Exploring Telford

The Railways of Telford

railways
Site contents © Richard Foxcroft 1996-2002

Coalport to Buildwas Junction

The Severn Valley Railway

The Severn Valley Railway used to run from Bewdley to Shrewsbury, and the section from Bewdley to Bridgnorth is still a steam railway, running through some beautiful countryside. West of Bridgnorth the lines have been lifted. Update 2011: It is no longer true, as I originally wrote, that The map shows a road or track, but the landowners have posted notices threatening death, damnation and boiling in oil to anyone foolhardy enough to dare to walk along them: the trackbed is now a permissive path open to pedestrians, cyclists and equestrians and part of a National Cycle Route. Whether my comment that I think (it) remarkably mean of them. It seems most improbable that many tourists would attempt the seven mile walk, knowing that the walk back would follow, and the farmers surely have no damage to fear from a few serious walkers. It would have done them no harm to allow a courtesy path had any influence on the matter I rather doubt: but let me be as keen to applaud the change of heart as I was to condemn the original position.

The line approaches Telford at Coalport Station, and runs along the south bank of the Severn to Ironbridge Power Station, where the massive cooling towers block it pretty solidly. This is the site of Buildwas Junction and the start of the line to Much Wenlock and Church Stretton, of which various bridges and stations remain visible. Past there, it crosses the Much Wenlock road next to Buildwas Abbey, and there are traces of embankments and the occasional bridge in the fields all the way to Shrewsbury.

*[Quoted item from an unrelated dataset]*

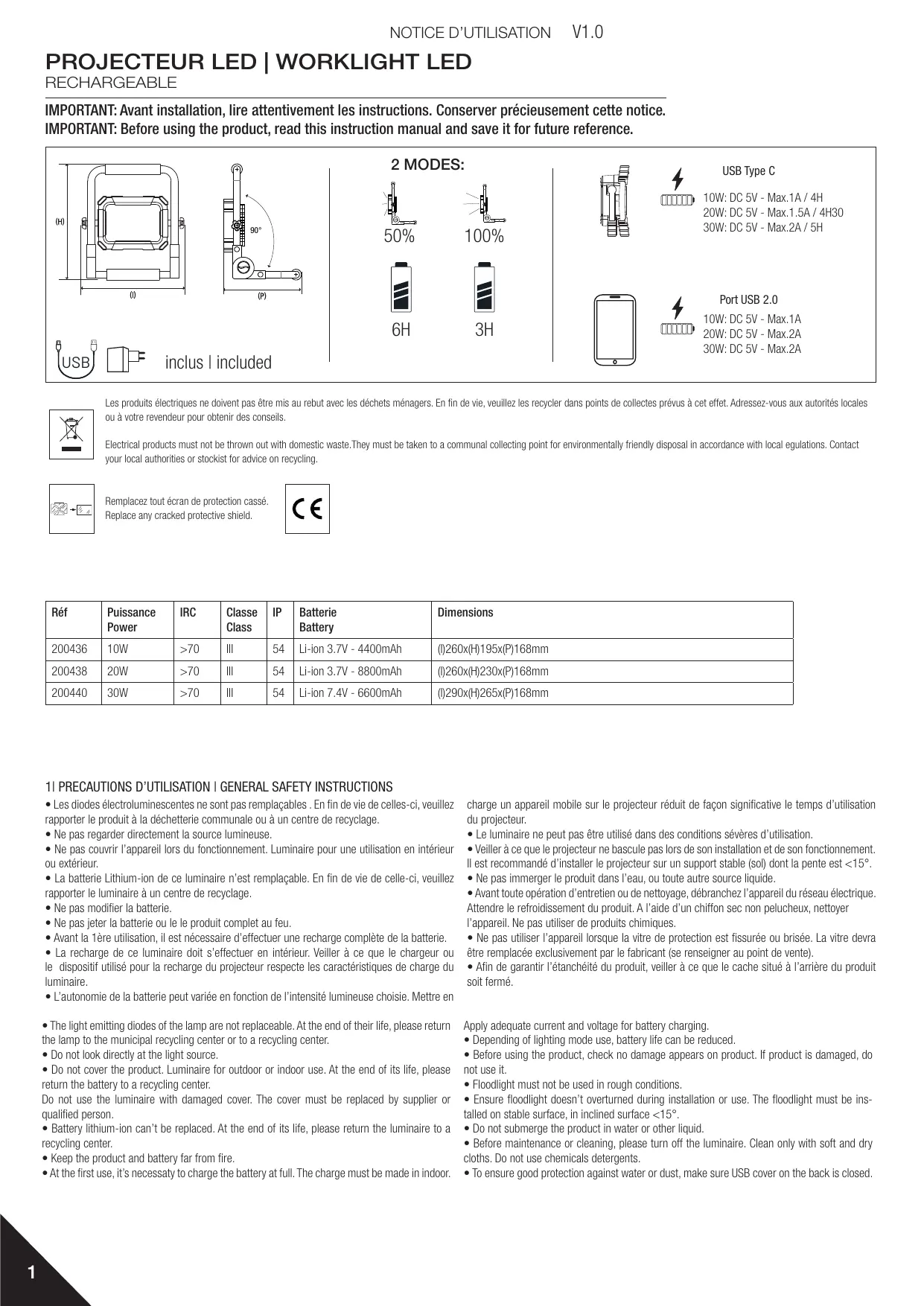 + Les diodes électroluminescentes ne sont pas remplaçables . En fin de vie de celles-ci, veuillez rapporter le produit à la déchetterie communale ou à un centre de recyclage + Ne pas regarder directement la source lumineuse. + Ne pas couvrir l'appareil lors du fonctionnement. Luminaire pour une utilisation en intérieur ou extérieur. + La batterie Lithium-ion de ce luminaire n'est remplaçable. En fin de vie de celle-ci, veuilez rapporter le luminaire à un centre de recyclage. + Ne pas modifier la batterie + Ne pas jeter la batterie ou le le produit complet au feu: + Avant la 1ère utilisation, il est nécessaire d'effectuer une recharge complète de la batterie. + La recharge de ce luminaire doit s'effectuer en intérieur. Veiler à ce que le chargeur où le dispositif utlisé pour la recharge du projecteur respecte les caractéristiques de charge du luminaire. + L'autonomie de la batterie peut variée en fonction de l'intensité lumineuse choisie. Mettre en The light emitting diodes of the lamp are not replaceable. At the end of their fe, please return the lamp to the municipal recycling center or to a recycling center. Do not look directiy at the light source. + Do not cover the product. Luminaire for outdoor or indoor use. At the end of it life, please return the battery to a recycling center. Do not use the luminaire with damaged cover. The cover must be replaced by supplier or qualfied person. + Battery Ithium-ion can't be replaced. At the end of its life, please retum the luminaire to a recycling center. Keep the product and battery far from fire. + Atthe first use, is necessaty to charge the battery at ful. The charge must be made in indoor. charge un appareil mobile sur le projecteur réduit de façon significative le temps d'utilisation du projecteur. + Le luminaire ne peut pas être utilisé dans des conditions sévères d'utilisation Veiller à ce que le projecteur ne bascule pas lors de son installation et de son fonctionnement IL est recommandé d'installer le projecteur sur un support stable (sol dont la pente est <15° Ne pas immerger le produit dans l'eau, ou toute autre source liquide + Aant toute opération d'entretien ou de nettoyage, débranchez l'apparel du réseau électrique. Attendre le refroidissement du produit. À l'aide d'un chiffon sec non pelucheux, nettoyer l'appareil. Ne pas utiliser de produits chimiques. + Ne pas utiliser l'appareil lorsque la vitre de protection est fissurée ou brisée. La vitre devra être remplacée exclusivement par le fabricant (se renseigner au point de vente). + Afin de garantir l'étanchéité du produit, veiller à ce que le cache situé à l'amière du produit soi fermé. Apoly adequate current and voitage for battery charging. + Depending of lighting mode use, battery ie can be reduced + Before using the product, check no damage appears on product. f product is damaged, do not use it. Floodlight must not be used in rough conditions. + Ensure floodight doesn't overturned during installation or use. The flooclight must be ins- talled on stable surface, in inclined surface <15° + Do not submerge the product in water or other liquicl + Before maintenance or cleaning, please turn off the luminaire, Clean only with soft and dry cloths. Do not use chemicals detergents. + To ensure good protection against water or dust, make sure USB cover on the back is closed.

Coalport Bridge to Buildwas Junction

The line enters modern Telford at Coalport. One of the most interesting features is Coalport West (or Coalport and Jackfield?) station, which has been very sympathetically converted to a house, leaving the ballast of the permanent way and the platforms intact.

Photo 1 | Photo 2

The line, now a popular footpath, runs through trees, and via a brick bridge over a lane off the road down to the Boat Inn and the War Memorial Bridge, to a point where it meets the road. Beyond here there has been a major landslip, and whereas the road used to go down to the right and the railway carry straight on, the old road is now a cul-de-sac and the through road, repaired in the worst place with wooden slats chained together, follows the line of the railway.

At Jackfield Tile Museum, most of the buildings have their backs to the road, which used to be the railway. The other end of the old road leads down to the museum car park. Here there was a level crossing, the house adjacent still being called Crossing House. There is no station at Jackfield on the 1924 map, but it would be odd to pass through the community without one, and Crossing House, clearly old (look at the chimney) although its walls have been newly rendered, looks as though it might originally have been one.

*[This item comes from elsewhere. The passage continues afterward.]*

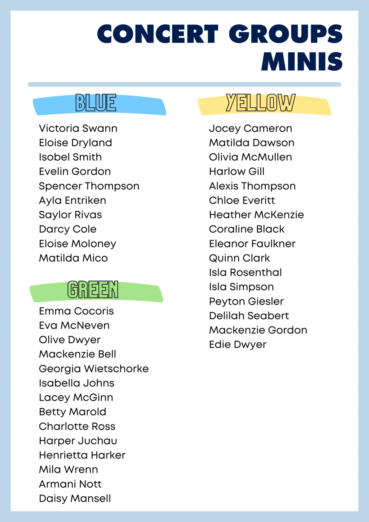 On both concert and dress rehearsal days, all students will remain in the dressing room until it's their time to shine on stage. To help everything run smoothly, each student will be assigned to a specific coloured group in the dressing room.

Continuing, with the railway now to the right of the road, past a left turn to Broseley, you come shortly to another level crossing. This time, the gates are intact. 2010 - Also, behind the other gate, four bits of track and a signal have been placed to indicate to tourists what used to be there. Roughly, that is - they are not aligned with ground level! The railway embankment, and a metal bridge, can be seen in the trees to the left of the road, reaching a station above the Free Bridge. It continues as a pathway through the trees until it reaches the former Ironbridge Station and yard, now a car park. But the Station Hotel, of typically railway purplish bricks, still stands.

At the end of the iron bridge the rails can still be seen in the roadway. This is one of several places where the level crossing gates still remained when I came to Shropshire in 1979, although they are gone now.

The railway continues as a footpath, under a bridge which carried a (cable?) railway straight up the side of the hill. It keeps close to the river and at one point runs on a fine brick viaduct (best seen from the wharfage, across the river), until its way is blocked by the enormous cooling towers of Ironbridge Power Station.

Dave Cromarty tells me that

the approximate alignment of the SVR line is still in use between the end of the [railway bridge over the road] and the the Wenlock road at Buildwas Jn, for the power station traffic. This is worked on an mgr basis with the incoming trains running past the bunkers, loco running round at (approximately) Buildwas Jn, and then running back through the bunkers at 0.5 mph in the Lightmoor direction, to unload.